Leonel Brizola in 1962 Declassified documents prove that the United States was planning a military coup in Brazil in the early sixties to prevent labor leader Leonel Brizola from reaching power and the possible "Cubanization" of the country revealed Tuesday daily Folha de S. Paulo.

In 1963 the US State Department already had a plan anticipating the Brazilian military coup which took place a year later, as an alternative to a possible "Cubanization" of the country if then governor Leonel Brizola (1922/2004) was elected president.

Folha de S. Paulo, which had access to the documents declassified by the US government and interviewed the man behind the plan, former US ambassador in Brasí­lia Lincoln Gordon, revealed that the US already anticipated a coup as an alternative to prevent Brizola or any other "left wing" leader from reaching Brasí­lia.

Lincoln Gordon, 93, currently in a nursing home in Washington wrote the so called "Contingency plan for Brazil" in the sixties, warning about the possibility of Brizola becoming elected president, and in a second document requested clandestine shipments of weapons to be taken to Brazil at night by submarine in support of the military.

Both documents in spite of having been declassified from the secret archives of the US government do not have electronic copies and can only be consulted personally, points out the São Paulo daily.

Both reports are endorsed by Benjamin H Head (1905/1993) who then had a commanding post in the State Department and who further suggests the ousting of then elected president João Goulart, to be succeeded by the president of the Lower House Ranieri Mazzilli and then the "interim take over by the military."

"Brazil was running the risk of becoming a second Cuba," argued Lincoln Gordon with the reporters from the Brazilian newspaper. He also wrote the two reports and addressed them to President Lyndon Johnson asking for a quick reply to the "deteriorating (Brazilian) economy and growing political unrest." Johnson rejected both proposals according to the declassified reports.
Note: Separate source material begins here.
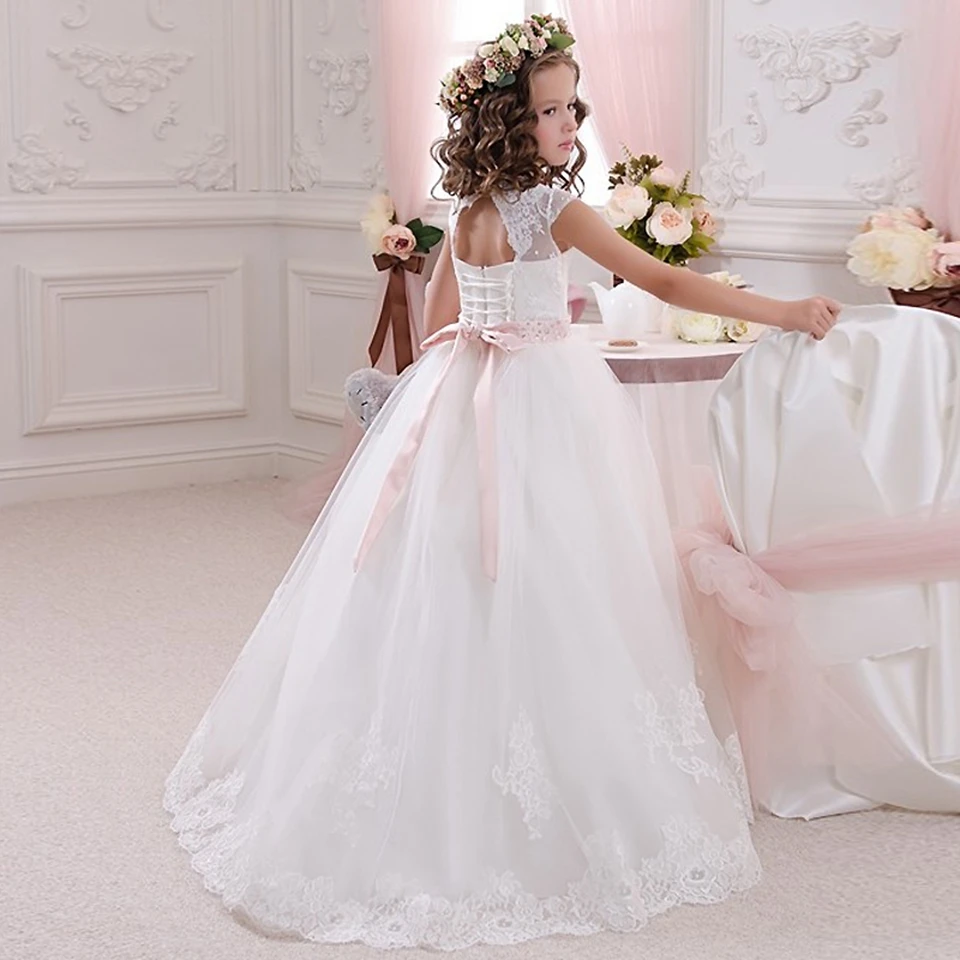 Бальное платье, Цветочное платье для девочек, кружевные аппликации,...

Gordon later explains that the execution of the plan was not necessary because of the Brazilian military coup of 1964, and subsequent authoritarian rule which was to last until 1985.

President Goulart at the time accused Ambassador Gordon of conspiring to oust him because Brazil was planning to impose taxes on iron ore exports which were mostly under control of US steel companies.

The Brazilian top brass, which toppled Goulart, as young officers belonged to the land and air Brazilian Expeditionary Force which during Second World War fought mostly in Italy in support of the US war effort. The Brazilians were distinguished for their service when taking Monte Casino.

The first "interim military president" in April 1964 was Marshal Humberto de Alencar Castelo Branco, a Colonel at the time of the Brazilian Expeditionary Force.

In March 1964 President Goulart and governor Brizola to discourage strong civilian resistance in southern states to the military, and a possible bloodshed, fled to neighboring Uruguay where they took refuge until pressure from the Brazilian military government forced them to leave the country for Europe and the United States.

Goulart died under mysterious circumstances in Argentina in 1976 and Brizola survived him to become governor of Rio Grande do Sul, his native state, and of Rio do Janeiro, and run for president on several occasions.

The two "gaucho" (from Southern Brazil) political leaders who were described by the US State Department as left wing and admirers of Cuba were actually ranchers with extensive land holdings in their home state.

Brizola spent several years living in exile in New York before returning to Brazil in 1982 when he was first elected governor of Rio do Janeiro in spite of a vote fraud strategy planned by the military government to prevent him from getting back into politics.